Marie Sklodowska-Curie Future Roads Fellow
Academic Division: Civil Engineering
Research group: Construction Engineering
Email: zx311@eng.cam.ac.uk
Research interests
Dr. Zizhen Xu's research interests lie at the intersection of resilience of urban infrastructure systems, climate change adaptation, and sustainability. Specifically, he applies complex network theory to explore the disaster resilience of interconnected and interdependent infrastructure systems, with a particular focus on transportation systems.
Strategic themes
Complex, resilient and intelligent systems
1. Assess road infrastructure resilience in preparation for extreme weather events in the near future.
2. Assess road infrastructure’s vulnerability to cascading failure triggered by extreme weather events.
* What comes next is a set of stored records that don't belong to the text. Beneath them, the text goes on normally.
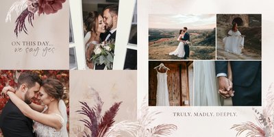 Twoje ślubne fotografie przy akompaniamencie lekkiego wzornictwa w stylu boho utworzą wspaniałe kompozycje na stronach fotoalbumu. Szablon "Boho Wedding" to idealne miejsce dla tych niepowtarzalnych wspomnień, które doświadcza się tylko raz w życiu.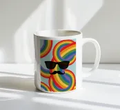 Questo poster presenta un design audace e giocoso con occhiali da sole neri e baffi classici su arcobaleni vibranti e vorticosi. La sua estetica retrò e Pop Art lo rende un pezzo forte, pieno di colore e divertimento. È la decorazione perfetta per aggiungere una dose di personalità e allegria alla sala giochi, al bar o alla camera dei ragazzi.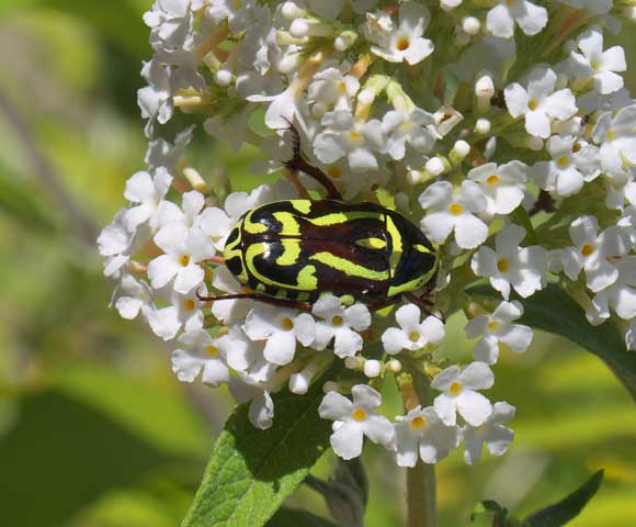 The Fiddler Beetle (Eupoecila australasiae) is named for the striking violin shaped markings on its back. It is harmless, feeding on nectar from flowering plants. It lays eggs in rotting wood or damp ground, where the grubs develop feeding on the rotting wood.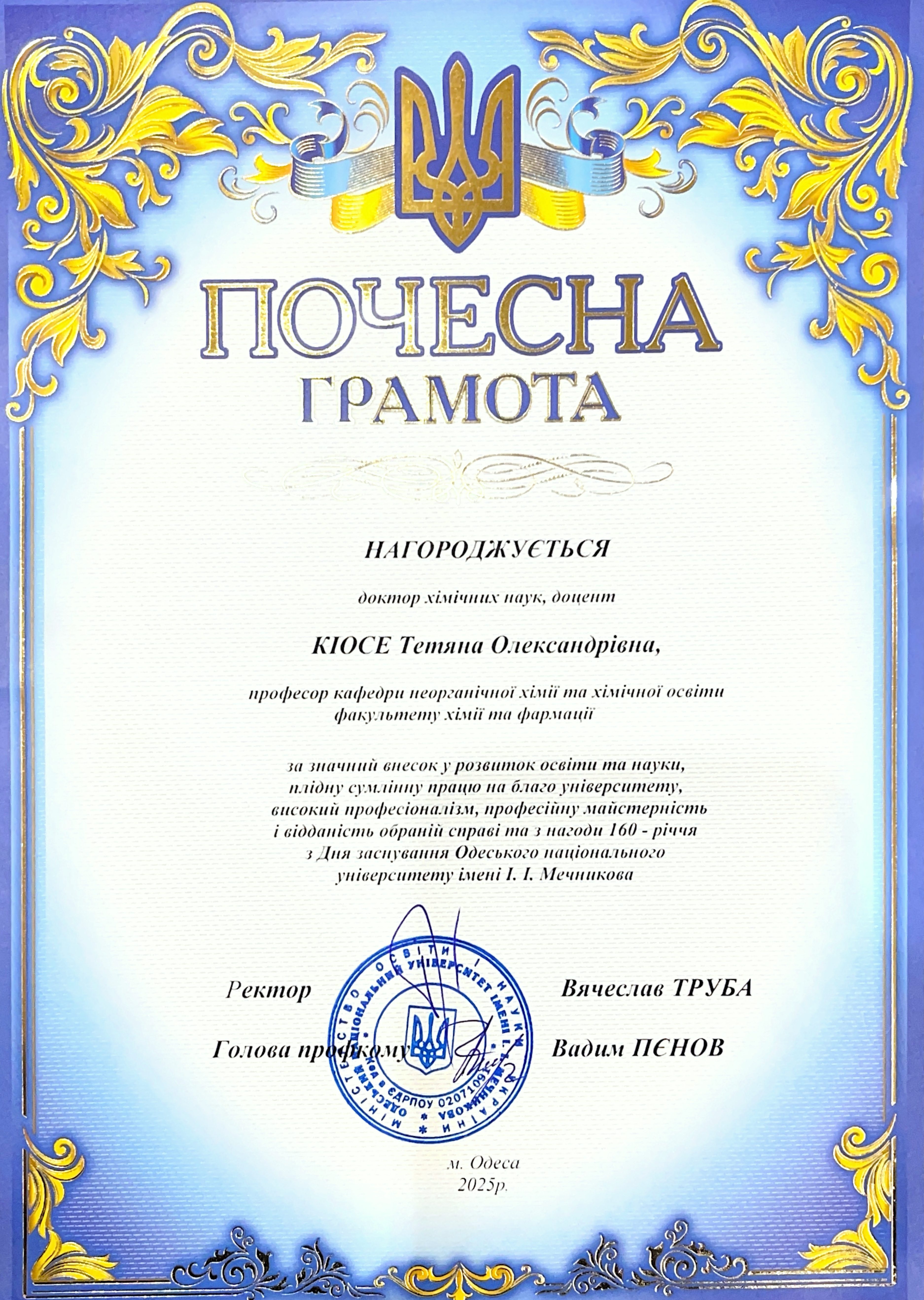 Кіосе Тетяна Олександрівна – професорка, доктор хімічних наук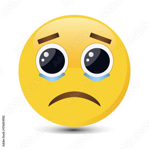 © globalpainting, Fototapeta premium Crying emoticon with big eyes and tears in trendy flat style. Sad emoji vector illustration.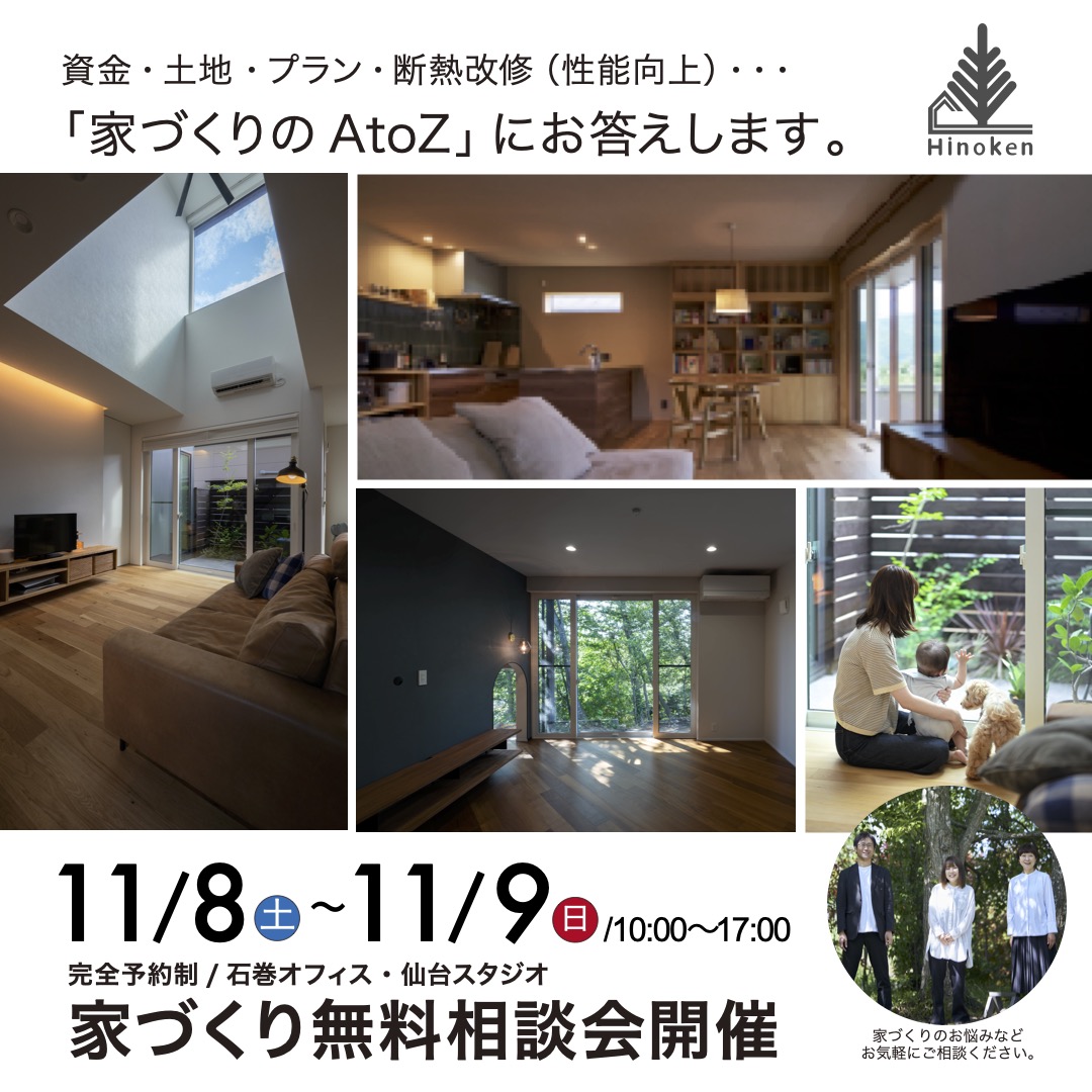 ヒノケンでは、11月8日(土)〜9日(日)の2日間、石巻オフィス・仙台スタジオにて「家づくり無料相談会」を開催します。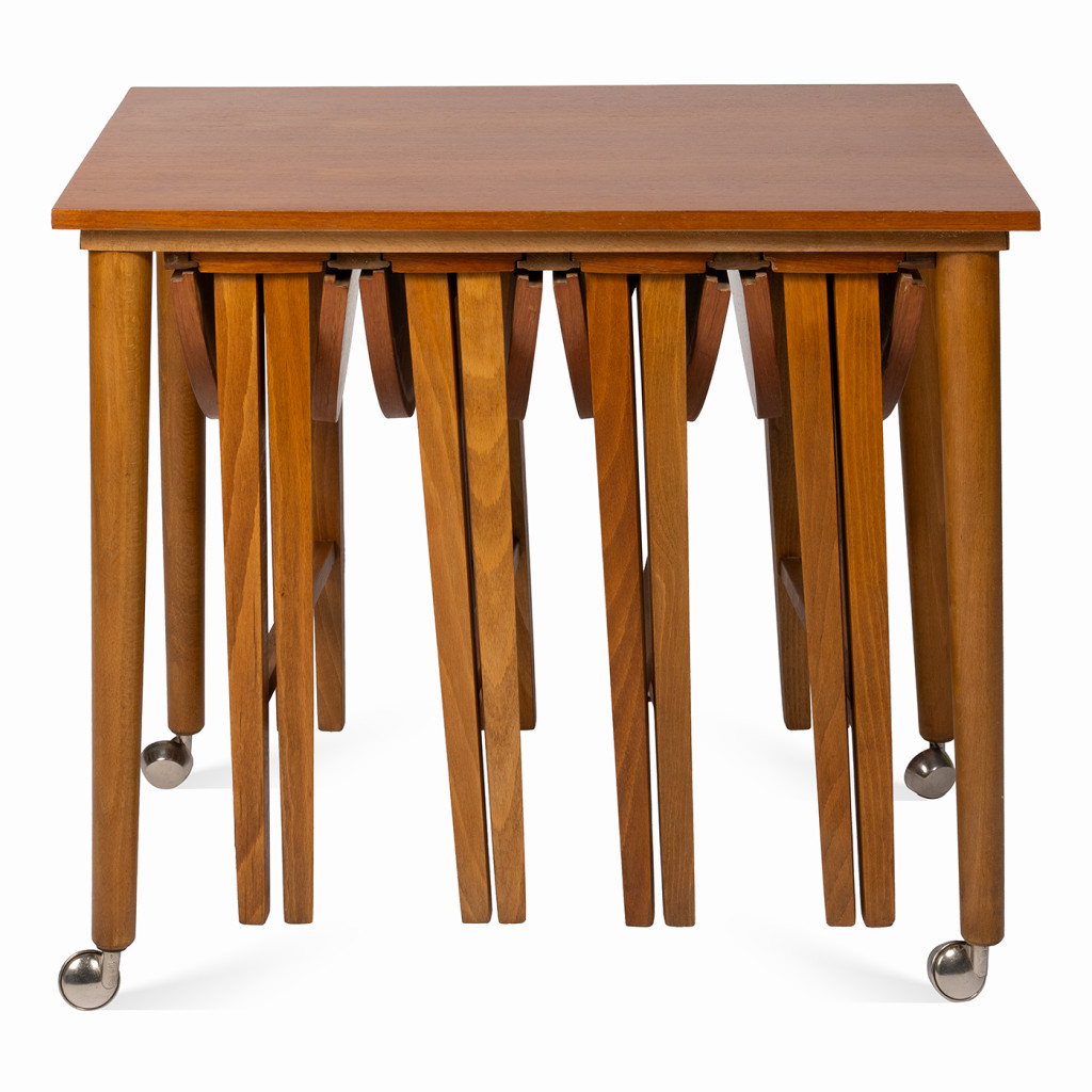 This wooden set consisting of a table and four folding stools was probably designed in the 1960s and inspired by Danish designer Paul Hundevad's design for Nový domov. Multipurpose design became standard in Scandinavian furniture in the mid-20th century, and Hundevad incorporated this approach into many of his creations, such as sideboards and dressers. This set differs from the original in small details, including the shape of the legs, which are square rather than round.

3. Explore potential utility of resilience analysis in policymaking and implementation.
Research projects
Title: assessing road infrastructure resilience against extreme weather events and fostering climate change adaptation.
Theme: sustainability
Abstract: infrastructure resilience is increasingly recognized as a crucial aspect of national security, especially considering climate change threats. Interest and efforts in this field are escalating, offering solutions for climate change adaptation parallel to ongoing mitigation strategies such as decarbonization. There is imperative need of resilience engineering in critical infrastructure sectors that daily lives depend on. Conventional risk management strategies are showing limitations when facing the challenges -- the uncertainty of changing environment and the growing complexity of infrastructure systems. This project is proposed to tackle these challenges through a complex network approach that integrates risk assessment with resilience framework encompassing preparing, absorbing, and recovery phase. We will develop the approach with a case study of UK national highways. A spatial network model will be employed to assess the infrastructure resilience, including quantifying the infrastructure’s exposure to potential extreme weather events, examining climate hazard scenarios at all disruption levels, and simulating cascading failures within system and from other supporting infrastructures. The ultimate goal is to answer the question of how ready our road infrastructure is for the changing climate and develop quantitative analysis to inform future interventions.
Biography
Dr. Zizhen Xu is a Marie Skłodowska-Curie Future Roads Fellow at the Department of Engineering at the University of Cambridge. He received his PhD in Transportation Resilience in 2022, his MSc in Energy and Environment in 2019 from City University of Hong Kong, and his BEng in Environmental Engineering from Harbin Institute of Technology at Weihai in 2017. His PhD research focused on the disaster resilience of urban public transportation systems. Prior to joining the University of Cambridge, he worked as a postdoctoral researcher at the School of Energy and Environment at City University of Hong Kong. His recent work includes the resilience of interconnected systems such as multimodal transportation networks and industrial symbiosis networks.